Separating a little, Will and I at once began our search by slowly advancing into the wet area, scrutinizing every foot of land as we went. We had progressed thus but a few steps when Will stopped short, and, after glaring for a moment into a sedge-tuft, raised his bow and sent an arrow whistling to the spot. A fluttering sound, as of a bird en-tangled in the grass, and then a woodcock rose rapidly from where I saw the arrow sticking and wheeled away, uttering its sharp, peculiar cry. Will had missed his bird.

Despite my efforts to the contrary I became a little excited. How eagerly my eyes scanned every place where a bird might hide 1 How I longed for such a chance as Will had just had! All at once my vision was blessed. No more than thirty feet from me the brown outlines of a wood-cock were barely distinguishable under the drooping fringe of a sod of dead wire-grass. I stopped a moment to collect my nerves, drew my right hand across my eyes to clear my sight, settled my-self firmly on my feet, fixed an arrow, drew to my ear and let drive. My shaft struck the thing and stood quivering there in its very centre, but not a feather stirred. I went forward and found that I had shot at and hit a brown clod of earth. I pulled up my shaft and glanced at Will. He was chuckling at my mistake. I forget just what I said. Presently, however, we had better luck. Will drew first blood, bagging a fine bird, and I followed suit. We had a fine time of it. We got all the birds up and they scattered out and lit in the short grass of the surrounding pasture fields, whither we followed them and dogged them from spot to spot, till four of them hung at Will's girdle and three at mine.

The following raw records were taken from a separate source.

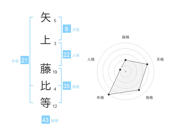 矢上 藤比等さんを姓名の画数から五運を鑑定
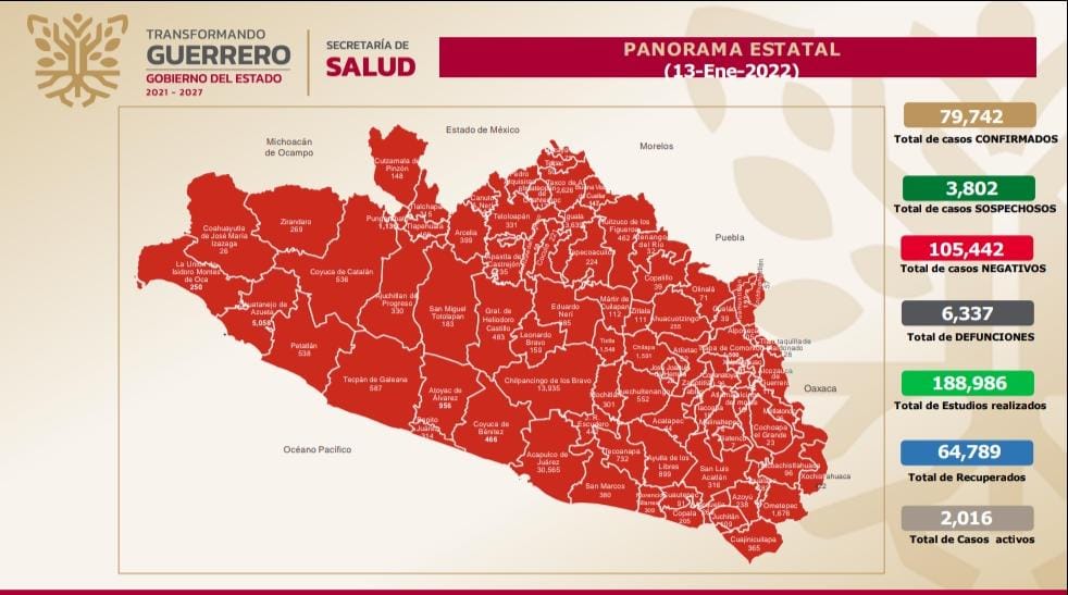 Los 2,016 casos activos se concentran principalmente en los siguientes municipios: Acapulco de Juárez, 777; Chilpancingo de los Bravo, 325; Iguala de la Independencia, 243; Zihuatanejo de Azueta, 162; Taxco de Alarcón, 130; Pungarabato, 77; Chilapa de Álvarez, 38; Ometepec, 32; Coyuca de Catalán, 24; y Huitzuco de los Figueroa, 20.
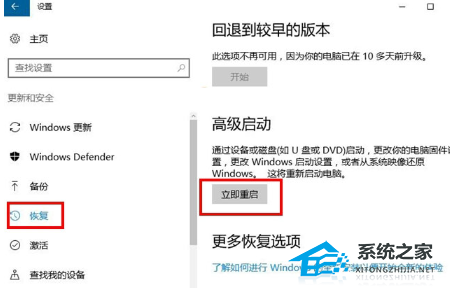 2. 在左侧导航栏中选择【恢复】选项,然后在右侧找到并点击【高级启动】下方的立即重启按钮。
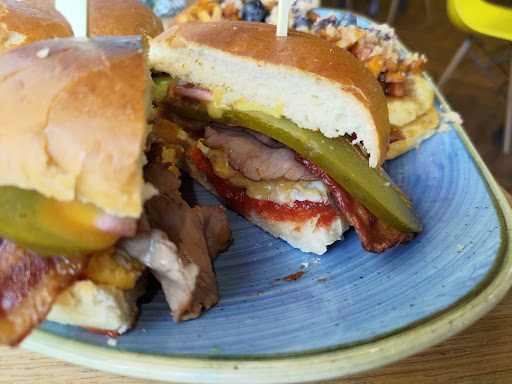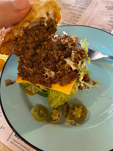 Read moreMijn vriend en ik kwamen hier langs om te gaan lunchen. Normaal kom ik met mijn moeder bij de Blueberry's cake eten, maar dat staat al klaar in de koeling. Wat mij vaker was opgevallen dat het soms lang duurt voordat je eten komt en ik hoor van andere klanten dat zij ook al +30 minuten zitten te wachten op hun eten. Dit keer nam ik een sandwich genaamd 'Sloppy Joe'. Het duurde 40 minuten tot dat het eten op tafel kwam en wat je dan ziet is dan gewoon zwaar teleurstellend. Sloppy Joe van €9 was een karig broodje met sla, gehakt, cheddar, augurk en jalapeños (op de foto is het augurk en jalapeños eraf gehaald). Na 2 happen proefde je al een enorme hoeveelheid olie en zout, waardoor je gelijk geen trek meer hebt. Mijn klachten zijn doorgegeven aan de medewerksters, maar toen ik vertelde dat de prijs verhouding not-done is, werd dat snel onder stoelen en banken geschoven. Voor €9 verwacht een gemiddeld mens het gerecht met daarnaast nog een salade of een klein portie chips. Aan de andere recensies te zien klagen er meerdere mensen over de prijs/kwaliteit verhouding, waarom wordt daar niks mee gedaan?
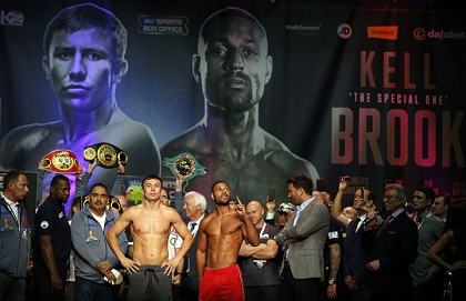 ザ・フォーラムより先に行われるWBC&IBF世界ミドル級タイトルマッチは、英国ロンドンのO2アリーナで決戦のゴングを聞く。前日計量で王者ゲンナジー・ゴロフキン(カザフスタン)が158.8ポンド(72.03キロ)、挑戦者のIBF世界ウェルター級王者ケル・ブルック(英)が159.4ポンド(72.30キロ)でリミットの160ポンドをクリアした。

I once had an excellent opportunity of watching the manoeuvres of a woodcock while feeding. It was about the 1st of May, I think, and I was in ambush for some buffle-head ducks, near a pond. All about me the shadows of a maple thicket were duskier than ordinary twilight, and the ground was damp. While I was lying there waiting for an assistant to go round the pond and drive the ducks to me, a slight rustling directed my eyes to a woodcock running swiftly in elliptical lines on a little patch of soft ground some twenty yards away. Its motions were strangely eccentric, almost grotesque-its wings akimbo, its head thrown back till its long bill pointed almost directly upward, and its big eyes gleaming as if in ecstasy of fright or pain. Suddenly it stopped, stiffened its legs like stilts, and began tilting up and down, piercing the soft loam to the depth of two or more inches at each downward movement. It drew forth worms and marsh grubs, which it devoured with lively show of delight. After a few successful borings in this way, it again began its strange curvilinear movements, lasting a few seconds and ending in a repetition of the feeding process, then again the running, and so on till some slight movement I made frightened it, whereupon it darted into a clump of water-grass, and I saw it no more.

Plover-shooting is in some places excellent sport. On the wet, short-grassed prairies of Indiana and Illinois I have shot them on the ground, and in Florida, where immense flocks of them congregate, I have killed as many as three with a single blunt shaft.